Asadi (2021) [51] examined 327 missions in Ardabil and reported that EMS response times were at an acceptable level. Similarly, Taheri (2017) [52] investigated 299,956 missions in Isfahan and discovered that the mean response time met the standard limit in only 50.6% of cases, which contrasts with the findings of the current study, where the response time met the standard limit in all zones.

Importantly, empirical evidence from various global studies indicates that the typical response time in urban settings is typically shorter than that in rural areas [4, 39, 42, 53,54,55,56]. The results of our study also demonstrated that the mean response time, on-scene time, and transfer time from the scene of the accident to the hospital were shorter for inner-city locations than for road locations. This finding aligns with the research outcomes of Bigdeli et al. [39] and Alruwaili et al. [53]. A retrospective cross-sectional study was conducted by Bigdeli et al. [39] in 2010 to estimate the mean intervals during the prehospital care process and to investigate the differences between these time intervals in terms of RTI on the urban and intercity roads of Urmia. In total, 2027 RTI victims were analyzed. The mean response time, on-scene time, and transport time from the scene to the hospital and the mean total prehospital time for city locations were less than those for interurban road locations. Alruwaili et al. (2022) [53] conducted a systematic review of emergency medical services (EMS) studies to discuss the differences in prehospital time intervals between rural and urban communities. A total of 78.4% reported a difference in response time between rural and urban areas. All the studies reported a significantly shorter prehospital time in urban communities than in rural communities.

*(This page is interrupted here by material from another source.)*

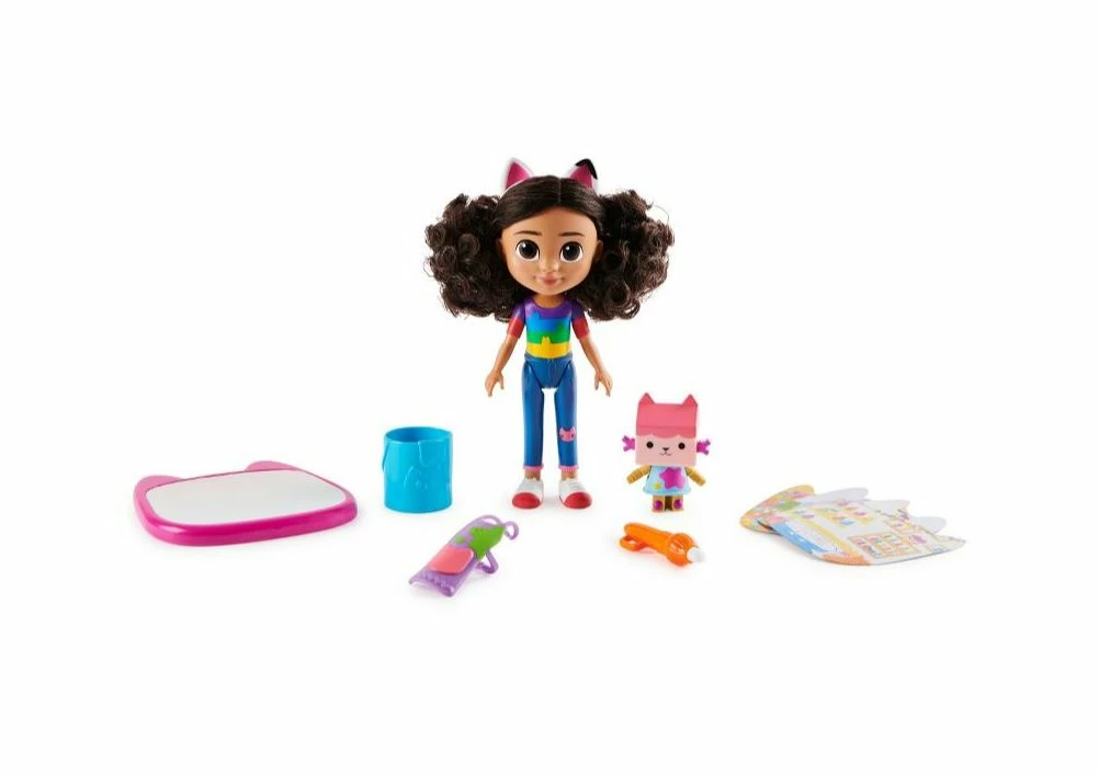 Includes: 1 Gabby Doll, 1 Baby Box Cat figure, 1 water brush, 1 pad with water reveal label, 1 apron, 1 paint bucket, 3 activity sheets

In summary, one of the major challenges identified is the extended response time in Zone 12, which often exceeds standard limits. This delay can be attributed to the high volume of emergency calls and the logistical difficulties associated with navigating densely populated and industrial zones. To address this, strategic placement of EMS units and the implementation of advanced dispatching systems are needed to optimize response times. In addition, dissatisfaction with patient transfers in Zones 10, 14, and 3 highlights the need for improved coordination between the EMS and medical facilities. The reluctance of patients to transfer from zones with medical centers suggests a preference for proximity to medical services that should be considered in EMS planning.

Limitations

The absence of the injury severity score (ISS) for each mission restricted the ability to assess injury severity fully and its correlation with response times, thus limiting the analysis of their impact on patient outcomes. Selection bias is a concern since the study included only traffic accidents requiring ambulance dispatch, excluding minor or self-managed cases. Reporting bias may have occurred because of the reliance on accurate recording by emergency medical services personnel, potentially leading to inconsistencies or inaccuracies.

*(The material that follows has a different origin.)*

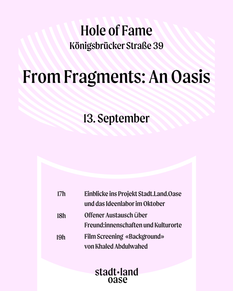 Wir heißen euch zu unserer Veranstaltung „From Fragments: An Oasis“ willkommen.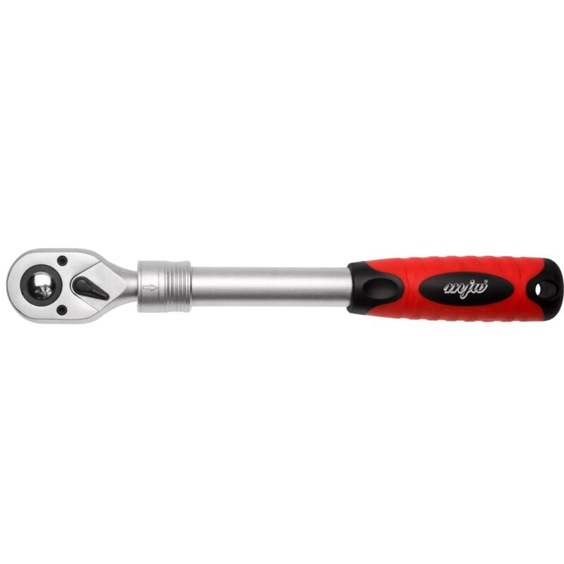 La manopola del cricchetto è realizzata con alta precisione e consente di lavorare in condizioni difficili, servizi automobilistici, impianti di produzione o aziende agricole. L'impugnatura dritta ed estensibile permette all'utente di raggiungere punti difficili da raggiungere, e il sistema di 72 nottolini consente piccoli movimenti molto precisi dove c'è poco spazio per avvitare/svitare. Lunghezza cricchetto 300 mm, completamente estesa 440 mm, le chiavi a bussola a 6 punte MJW si adattano perfettamente al cricchetto da 1/2"

The retrospective study design limits the findings to the accuracy and completeness of historical data, preventing control for confounding variables and the establishment of causality. Specifically, we encountered issues with the EMS database, which included impaired and incomplete data. Additionally, the dataset only records injury dates without specifying the days of the week or holidays. Consequently, we were unable to subdivide the time periods of accidents into smaller segments beyond morning, evening, and night.

To extract and analyze these additional details, nearly 8000 records need to be assessed, which is a time-intensive process. This limitation restricts our ability to provide more granular time data, which would have been beneficial for decision-makers in planning accident prevention and improving emergency services. We acknowledge the importance of this detail and address this constraint in future research efforts.

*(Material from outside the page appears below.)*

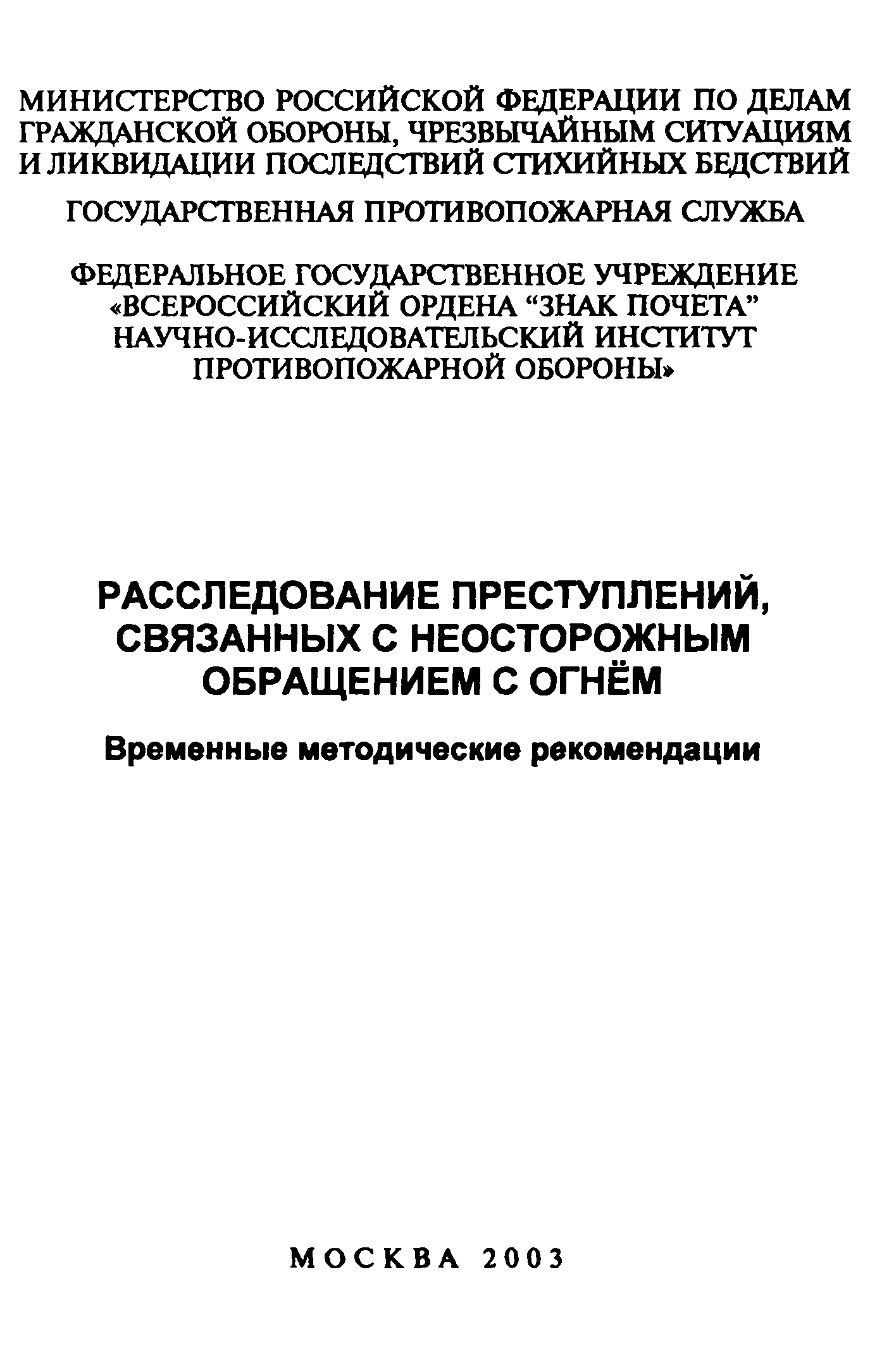 | Название рус.: | Расследование преступлений, связанных с неосторожным обращением с огнем. Временные методические рекомендации |

The results are specific to Isfahan city and may not be generalizable to other regions with different infrastructures or emergency response systems. Despite efforts to ensure data quality, missing or incomplete records could affect the overall analysis. External factors such as weather conditions, public events, and policy changes were not systematically accounted for, which might have influenced the traffic accident rates and response times.

This study provides valuable insights, but future research should address these limitations by using prospective designs, comprehensive injury severity assessments, and robust data quality control. Expanding the study to various urban and rural settings could improve the generalizability of the findings.

Conclusion

The findings of the present study yielded valuable insights into the diversity and frequency of missions conducted in a prehospital emergency setting. The results demonstrated that certain indicators presented values within the standard range, whereas others presented values that were considerably disparate from those reported in other areas of the country and the world. The results of this research emphasize the importance of identifying zones characterized by significant population mobility, major roads or high traffic levels and, if possible, establishing operational bases in these strategic locations. In addition, in zones that experience a greater number of missions, it is necessary to ensure that the number of ambulances is sufficiently coordinated with the volume of missions performed. The study of prehospital response time intervals in Isfahan underscores the critical need for efficient emergency medical services to manage urban traffic accidents effectively. By understanding the factors influencing response times and addressing challenges through strategic planning and technological advancements, Isfahan can enhance its EMS capabilities and improve outcomes for traffic accident victims.

Continued research and investment in EMS infrastructure are essential to ensure timely and effective prehospital care in urban settings. Future research should aim to develop targeted strategies to improve emergency response times and ultimately improve patient outcomes and reduce mortality and morbidity in traffic accidents.

Practical recommendations for policy interventions and infrastructure improvements

  • Enhanced Traffic Management: Utilizing advanced traffic monitoring and control systems, such as intelligent traffic systems (ITS), can significantly reduce congestion, particularly during peak hours. Establishing designated emergency lanes ensures that emergency vehicles can navigate through high-traffic areas without delay, improving their response times to accident scenes.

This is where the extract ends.